» **Problem**
Write out the line with "Nine West Women's" and every later line through the end of the data below, exactly as given, with no pictures in the copy.

» **Records shown**
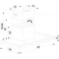 Campana Decorativa Pared Campana Decorativa Horizontal Blanco, 90 cm, Pulsador, Caudal 647,7 m3/h, 165W, 3 Velocidades, 3 X Filtro de Aluminio, Filtro Carbón, Eficiencia Energética A - Medidas: 500X900X290
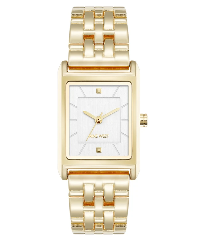 Nine West Women's Quartz Rectangular Gold-Tone Metal Alloy Bracelet Watch, 24mm
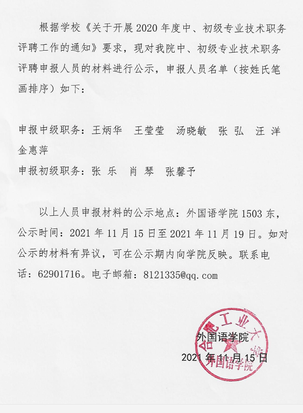 williamhill中国官方网站2020年度中初级专业技术职务申报人员材料公示
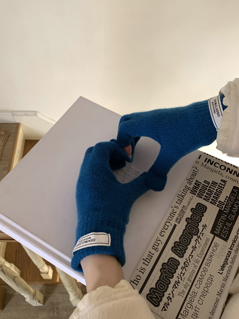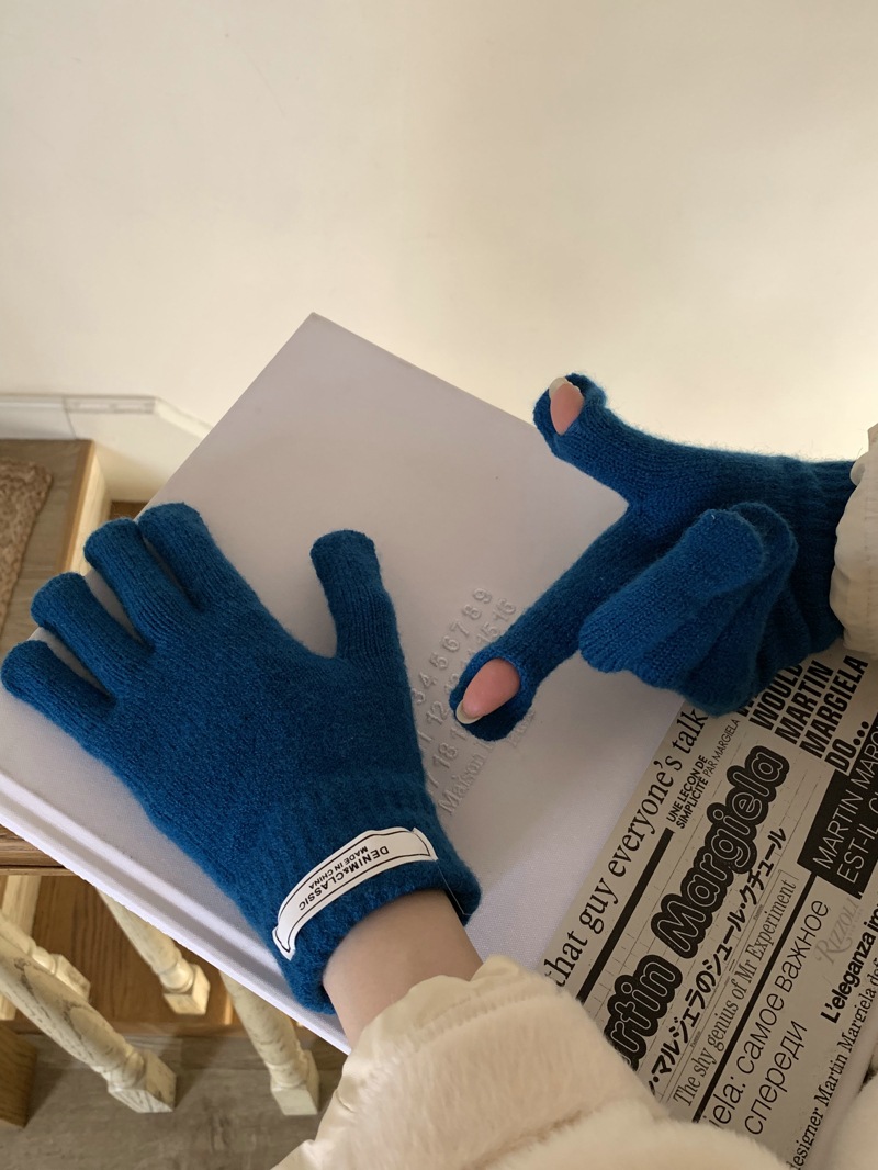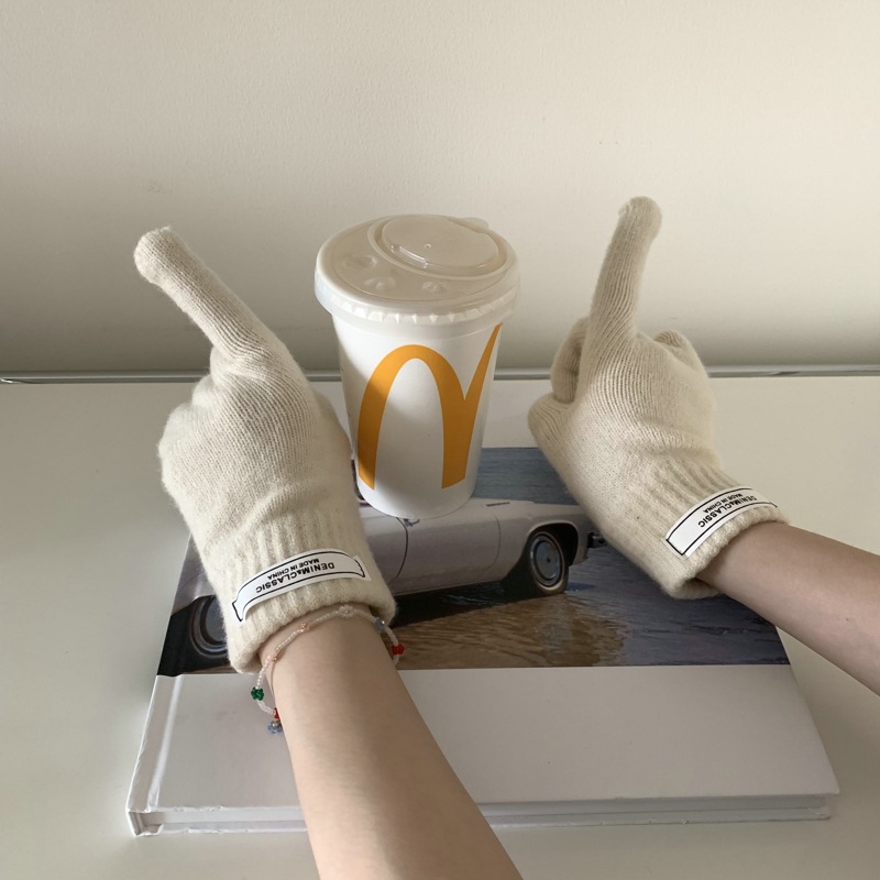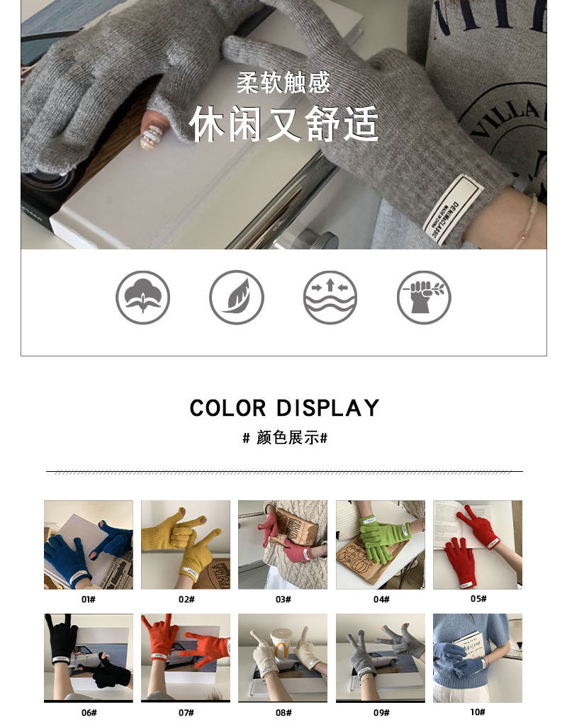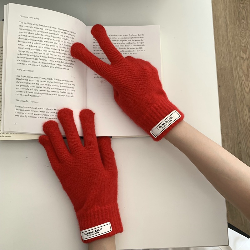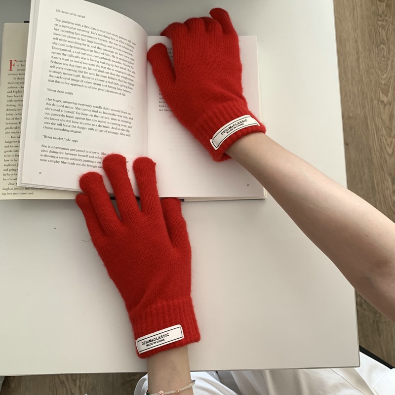 새로운 니트 울 긴 장갑 여성용 단색 짧은 편지 라벨 학생 터치 스크린 손가락 장갑 가을과 겨울스토어 가기
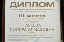 Воспитанница объединения «Студия юных журналистов» - Гареева Диляра Алмазовна, которая заняла 3 место в номинации «Лучшее СМИ» под руководством Баканова Романа Петровича.
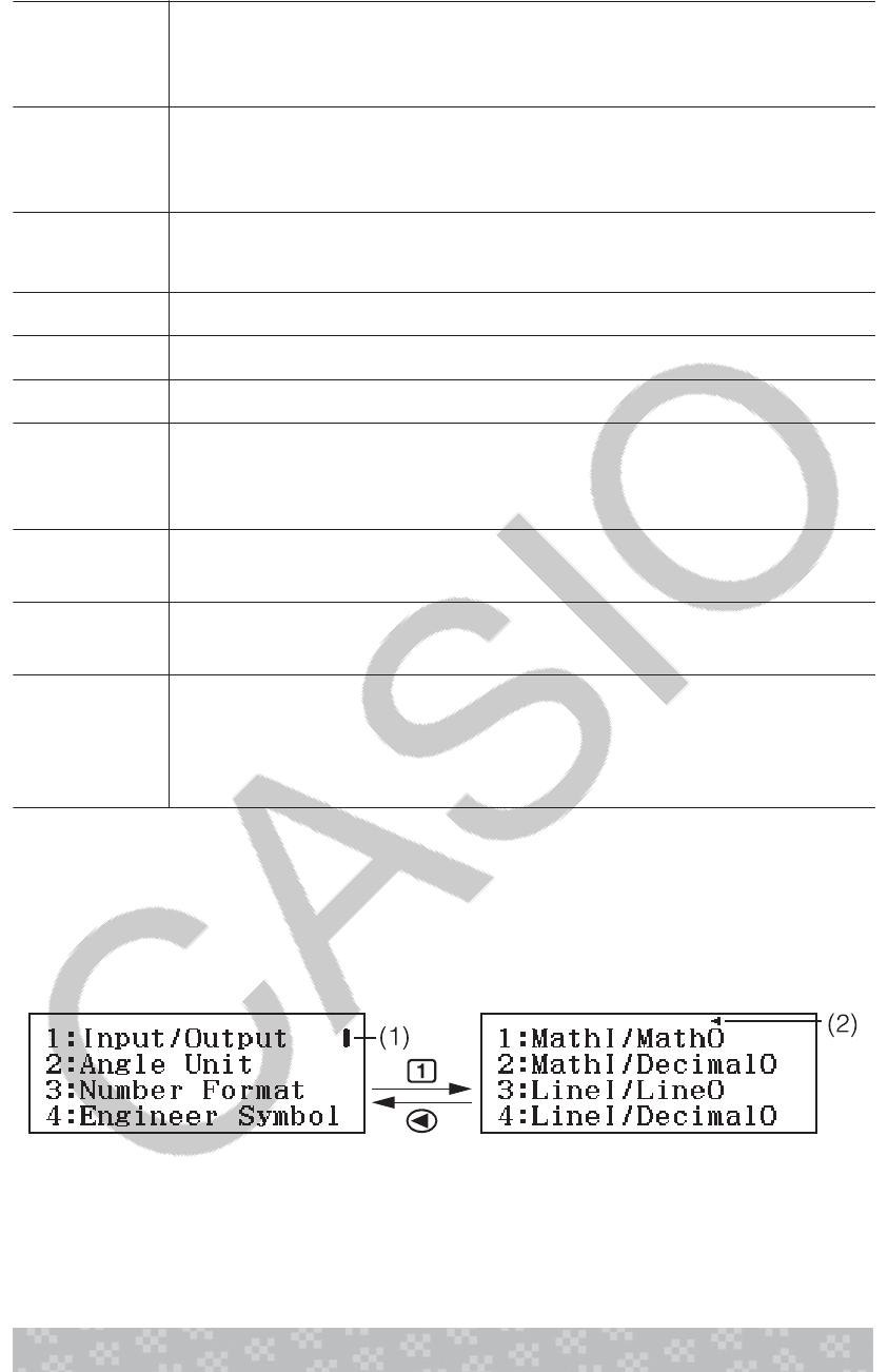 innstillingen for Input/Output i oppsettmenyen til MathI/DecimalO.

» **Response**
 Nine West Women's Quartz Rectangular Gold-Tone Metal Alloy Bracelet Watch, 24mm
 williamhill中国官方网站2020年度中初级专业技术职务申报人员材料公示
 새로운 니트 울 긴 장갑 여성용 단색 짧은 편지 라벨 학생 터치 스크린 손가락 장갑 가을과 겨울스토어 가기
 Воспитанница объединения «Студия юных журналистов» - Гареева Диляра Алмазовна, которая заняла 3 место в номинации «Лучшее СМИ» под руководством Баканова Романа Петровича.
 innstillingen for Input/Output i oppsettmenyen til MathI/DecimalO.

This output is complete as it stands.